Alternating among letters, logs, account books, and what could quite possibly be a newly discovered diary, Barron plunges us into dual worlds, skewering history and reinventing the last days of famed 20th-century novelist Virginia Woolf. In the weeks before her body was discovered, did Virginia perhaps seek solace at the vast and beautiful Sissinghurst Castle, the home of her longtime lover, Vita Sackville-West?
American landscape designer Jo Bellamy finds herself pulled into the investigation after spending the last months coming to terms with her grandfather Jock’s death. Jock
chose to hang himself rather than face Jo after her announcement of a trip to Kent to model Sissinghurst’s famous White Garden for her wealthy client - and lover - Graydon Westlake.
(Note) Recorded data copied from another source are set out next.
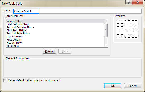 4. Ở phần Table Elements, chọn yếu tố mà bạn muốn định dạng và chọn Format. Hộp Format Cells sẽ mở ra, và bạn chọn định dạng mong muốn ở phần Font, Border và Fill.
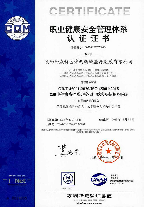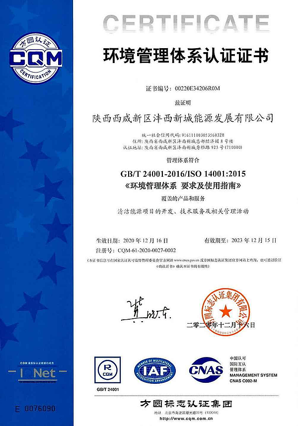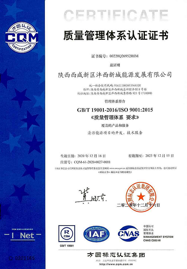 近日,灃西新城能源公司順利通過(guò)方圓標(biāo)志認(rèn)證集團(tuán)有限公司審核專(zhuān)家組QES(質(zhì)量、環(huán)境和職業(yè)健康安全管理體系)初次認(rèn)證審核,并于12月16日順利獲得了QES管理體系認(rèn)證證書(shū),為推進(jìn)公司規(guī)范化建設(shè),提升管理水平,增強(qiáng)企業(yè)競(jìng)爭(zhēng)力,奠定了良好基礎(chǔ)。
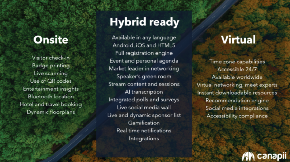 This article details what our customers can expect from a hybrid approach to their events. Detailed below are a few of the powerful event management tools that Canapii has to offer and which we hope will get you as excited about hybrid as we are!
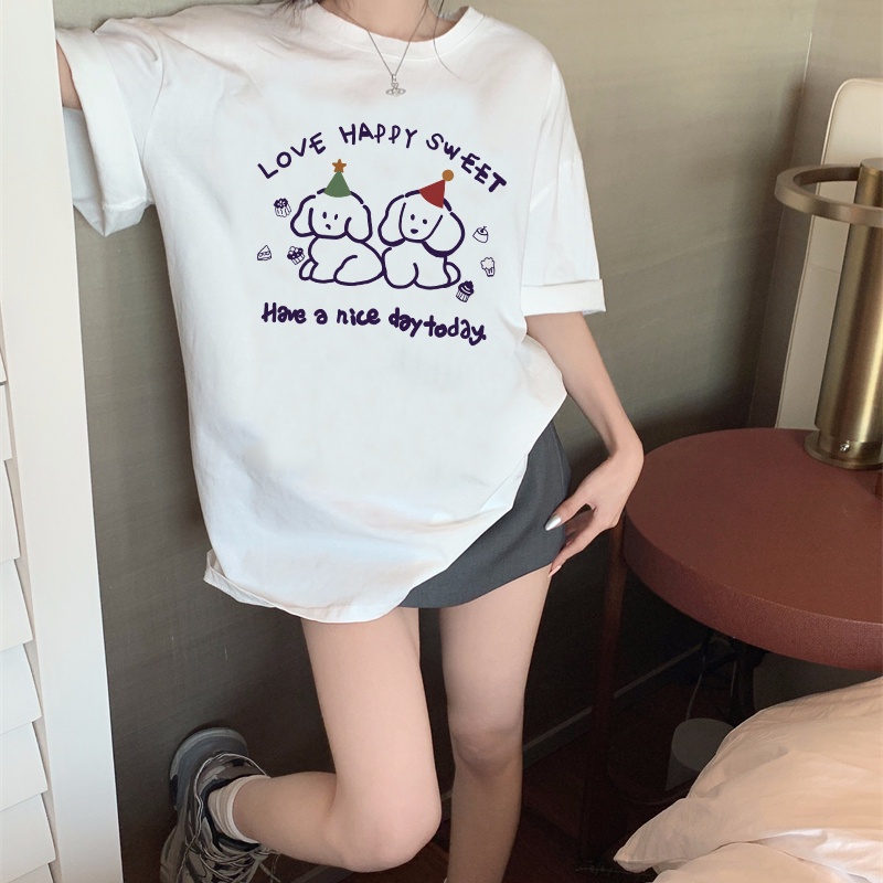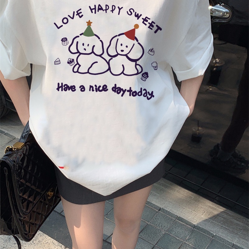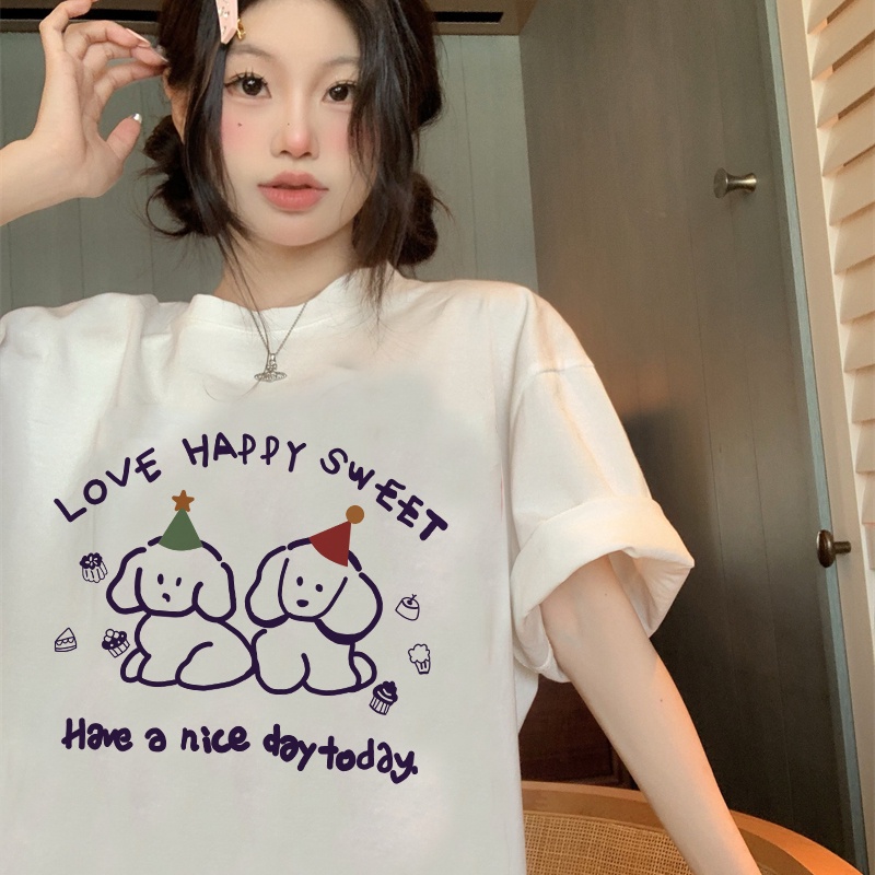 Detail Print T-shirt Kaos Lengan Pendek Cartoon Birthday Dog Baju Wanita Korean Style
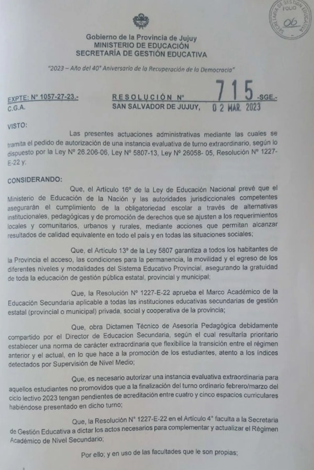 La medida fue tomada por el Ministerio de Educación de Jujuy, donde habilitaron excepcionalmente estas instancias evaluativas, de turno extraordinario, a las Instituciones Educativas de Nivel Secundario de Gestión Estatal y Privado.
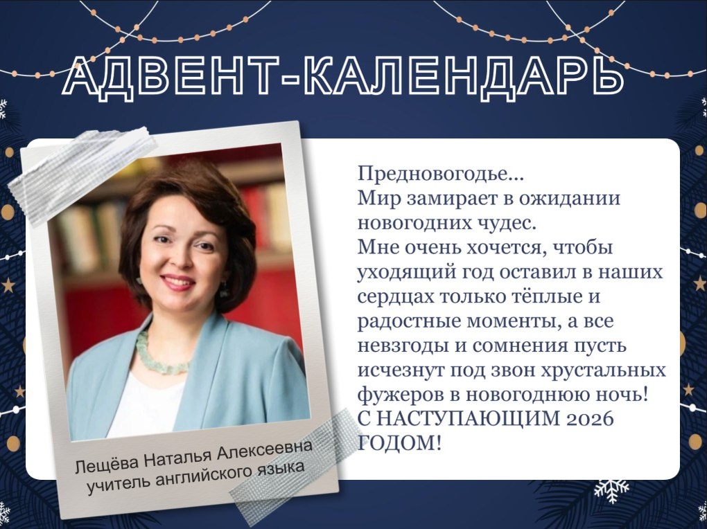! 🎄 А значит - снова открываем поздравление от наших учителей. Сегодня самыми добрыми словами хочет с вами поделиться учитель английского языка - Лещёва Наталья Алексеевна. А увидеть весь календарь можно по ссылке: https://vk.com/album-206909974_307859010 #ДОНМ #ШколыКолледжиМосквы

Jock’s life was somehow turned upside down by secrets and half truths. Jo is desperate to unlock the secrets behind her grandfather’s letter left on
a three-by-five block of steno sheets that tells of the “Lady back home" and Jock’s life as an apprentice gardener at Sissinghurst Castle.
Traveling to the English countryside, Jo begins to uncover many clues to Jock’s ambivalence and his final days at Knole, the great estate where he grew up. In spite of her reservations, Imogen Cantwell, the head gardener at Sissinghurst, offers to help Jo when they both discover an old copybook of Jock’s in the tool shed. Its yellowed pages suggest it was written in the spring of 1941 in what are clearly the fragments of strange script swirling across the fragile pages. The book, possibly an attempt at fiction or an account of something else, tells of a woman who feels haunted to the point of drowning herself and a woman who escaped fear.
While Jo sees the diary as a way to “bring the white garden home,” cosmopolitan Peter Llewellyn seduces Jo as he draws on a wealth of knowledge and expertise of which he could have only the barest idea. Peter’s ex-wife, the glamorous Margaux Strand, a specialist in Virginia Woolf,
snatches at the “shabby little book as though it were a talisman and a gift from
beyond the grave."
Jo and Peter battle Imogen and Margaux, even Graydon Westlake, who tacitly plays a high-stakes game while Jo and Peter trail around the countryside with bits and pieces of clues, their search culminating in a hole in Leonard Woolf’s back garden.
Self-deception remains a powerful tool for survival in this novel as Jo battles her loyalties to Graydon and her romantic feelings for Peter, along with Margaux’s
sly manipulations and Imogen, who wants to replace the missing notebook in the miscellaneous box in the tool shed before The Family notices that it’s gone. Better yet, Imogen privately plots to present it casually as a discovery of her own.
Although these characters are mostly scribes to hurry along the author’s plot
remplete with rumors of a German advance, blackout nights, and hints of spies, Barron duly translates the questions around Virginia and whether she really did suicide as history dictates. Modern-day sleuthing
meshes into an account of might-have-been as The White Garden: A Novel of Virginia Woolf unfurls the tragic life of a terribly tortured middle-aged woman who saw a dark future on the bank of the River Ouse
and struggled with her ability to change it.